何か外で人の声、と言うか梢が聞き馴染みのある声と話をしているようだ。あくまでも普通の話し声の声量ではなく、眠っている琳華に配慮をしたような声のせいで何を話しているのかまでは聞き取れなかったがその相手は……。
「あ、お嬢様おはようございます」
「おはよう、小梢はちゃんと眠った?」
「はい!!もうすっかり。私もつい先ほど起きまして、それであのお嬢様……」
いつもの梢の明るい表情が少し曇る。
「今、雁風様がいらしていて……お嬢様のお気持ちを汲まれた伯丹辰様から、そのお父上様へのご進言で、その」
言いにくい事を丁寧に説明しようとする姿に「ここにはわたくししかいないのだからいつも通りでいいのよ」と伝えると梢は大きく息を吸う。

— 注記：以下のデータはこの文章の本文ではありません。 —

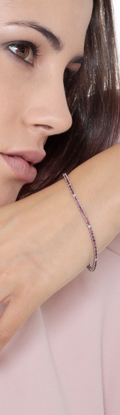 Weißgold 18k Tennisarmband mit Rubinen und Diamanten
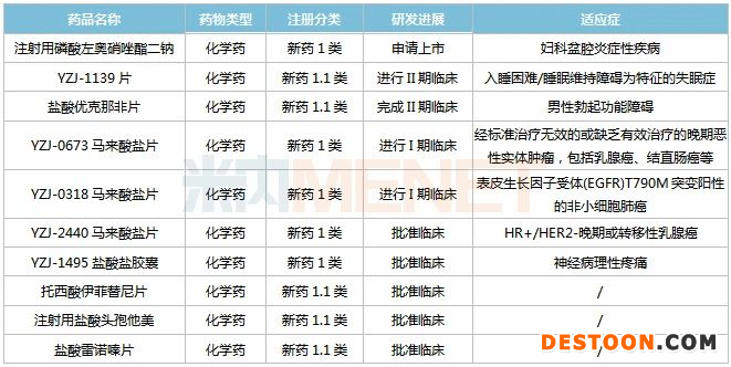 YZJ-1139片是食欲素1和2型雙重受體的高效拮抗劑,通過抑制食欲素受體從而改善睡眠,目前正在進(jìn)行II期臨床;鹽酸優(yōu)克那非片是一款PDE-5抑制劑,由吉林大學(xué)研發(fā),天士力申報(bào)臨床,揚(yáng)子江開展臨床研究,目前已完成治療勃起功能障礙的II期臨床,9月17日揚(yáng)子江提交該新藥補(bǔ)充申請(qǐng)獲得CDE承辦受理;YZJ-0673馬來酸鹽片是一種泛PI3K抑制劑,國內(nèi)尚無同靶點(diǎn)藥物獲批上市,揚(yáng)子江的產(chǎn)品正在進(jìn)行I期臨床,用于晚期惡性實(shí)體腫瘤;YZJ-0318馬來酸鹽片為第三代表皮生長因子(EGFR-TKI)受體抑制劑,能夠選擇性的抑制T790M耐藥突變,目前正在開展I期臨床。
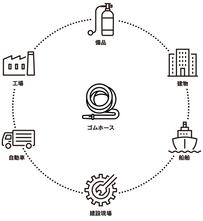 水や燃料といった液体を送るにも、空気やガスといった気体を送るにも、 さらには、地中の電線や光ファイバーを通す道としてもゴムホースが使われています。 また、工場や駅などの施設にも、乗り物や工業用機械、家電製品にも使われており、 ゴムホースは私たちの暮らしに必須の機能部品として、重宝されています。
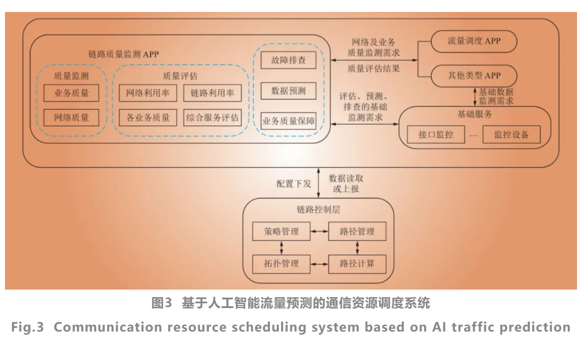 在資源層,面對(duì)協(xié)議復(fù)雜多樣、不同廠(chǎng)家網(wǎng)管難以兼容、跨域跨網(wǎng)業(yè)務(wù)QoS保障等問(wèn)題,對(duì)統(tǒng)一資源調(diào)度的能力、可靠性提出了更高的要求。上海市電力公司開(kāi)展通信資源智能調(diào)度系統(tǒng)部署,如圖3所示。該系統(tǒng)向下屏蔽不同廠(chǎng)家控制器的差異,向上將用戶(hù)需求翻譯成控制器可以理解的策略并下發(fā)執(zhí)行,同時(shí)引入基于人工智能的流量預(yù)測(cè)算法,提升資源調(diào)度的準(zhǔn)確性,使業(yè)務(wù)保障方式變得按需靈活。配置指令數(shù)量從原有的成百上千條精簡(jiǎn)到現(xiàn)有的20條以下,新業(yè)務(wù)的上線(xiàn)時(shí)間從原來(lái)的小時(shí)級(jí)、天數(shù)級(jí)縮短到現(xiàn)在的分鐘級(jí),真正實(shí)現(xiàn)電力通信網(wǎng)“一鍵指配”,按需保障業(yè)務(wù)端到端服務(wù)質(zhì)量。
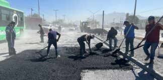 Realizan trabajos de bacheo en avenida Luis Donaldo Colosio en Santa...
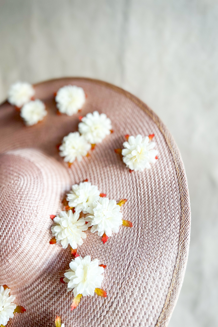 Pamela de puntal con flores de tela. Ideal para invitadas de día. Una opción súper favorecedora y muy chic con la que deslumbrar. Muy cómodo y fácil de colocar, que garantiza una correcta colocación y una comodidad absoluta al llevarlo. Inclinado hacia la derecha.
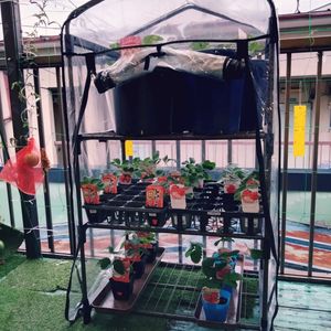 おはようございます😊 今日は大阪はあいにくの雨模様です🤨 雨よけの為にビニール温室に入れました。 一番上は定植して1週間が経ち、ぼちぼち根っこの活着が始まって来た感じです🤔 次の段ですが、左側は昨日夜ホームセンターに行って初めて見た苗が置いてあったので、名前が良かったので状態の良い4株お持ち帰りしました。 下の段は定植前の株です😅 というわけで我が家は25株の苗を育てていきます🙋 でも、ホームセンターに行って良い苗をみたらついつい購入しちゃいますね。 すべて1鉢植えで行います。
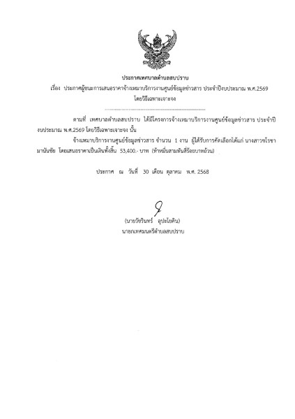 📣 ประกาศผู้ชนะการเสนอราคาจ้างเหมาบริการงานศูนย์ข้อมูลข่าวสาร ประจำปีงบประมาณ พ.ศ.2569 โดยวิธีเฉพาะเจาะจง
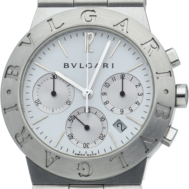 ブルガリでも人気のディアゴノシーリーズ「スポーツクロノグラフ」。スポーティーかつシンプルなデザインにデイト表示・クロノグラフ機構を兼ね備えた1本。CH35S(CH35WSSD)
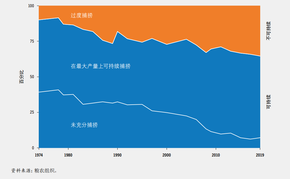 粮农组织强调,要在满足不断增长的世界人口需求的同时着眼长远,加强种群和脆弱生态系统的可持续性,保护人们的生活和生计,需要做出更多努力。根据2022年版《世界渔业和水产养殖状况》报告的数据,海洋渔业资源的可持续性仍然令人深感忧虑,2019年可持续捕捞种群的比例下降至64.6%,比2017年的水平低了1.2%。1974-2019年世界海洋渔业资源状况全球趋势。©粮农组织然而,也存在令人鼓舞的迹象:可持续渔业种群占2019年总上岸量的82.5%,比2017年提高了3.8%。这似乎表明,规模较大的种群得到了更为有效的管理。粮农组织积极推进“蓝色转型”。这是一项富有远见的战略,旨在同时应对粮食安全和环境可持续性的双重挑战,并确保成果公平和性别平等。为推动变革,气候和环境友好型政策与做法以及技术创新也不可或缺。
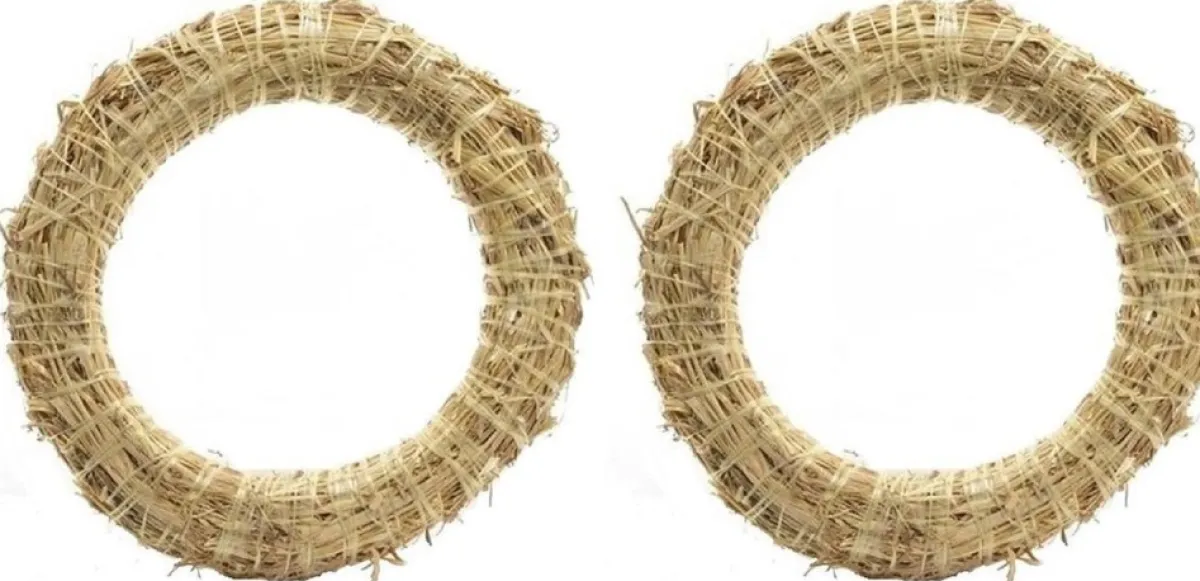 Set Van 6X Stuks Stro Kerstkransen Om Te Decoreren 35 Cm. Krans Van Stro Om Bijvoorbeeld Een Kerstkrans Van Te Maken. Diameter: 35 Cm. Dikte: 6 Cm. Kerstversieringen/Paasversieringen.

「えっと……“劉愛霖に言いたい事があったらぶちかましに行けます”とのことです。一応、お嬢様は被害者側ですので接見の権利はある、と」
「真相は愛霖様ご本人しか知りえない……としても、愛霖様がわたくしに何か話すとも思えないのだけど」
「非常に不敬な言葉ではありますが罰則や罪人などを取り仕切る刑部の方々はお嬢様ならば愛霖様から真相を吐かせられる、とお考えのようだと雁風様が」
梢が言いよどむのも分かる。
つまり刑部の者たちは琳華を使って愛霖への尋問をしようとしている。愛霖が嘘をつこうが真実を話そうが、どちらにせよ最初から仲が良かった琳華になら何かしら口を割るかもしれない、と。
ならば愛霖は一体なにをしようとしたのか――琳華の清んだ意識が静かに真実を見つける為に動き始める。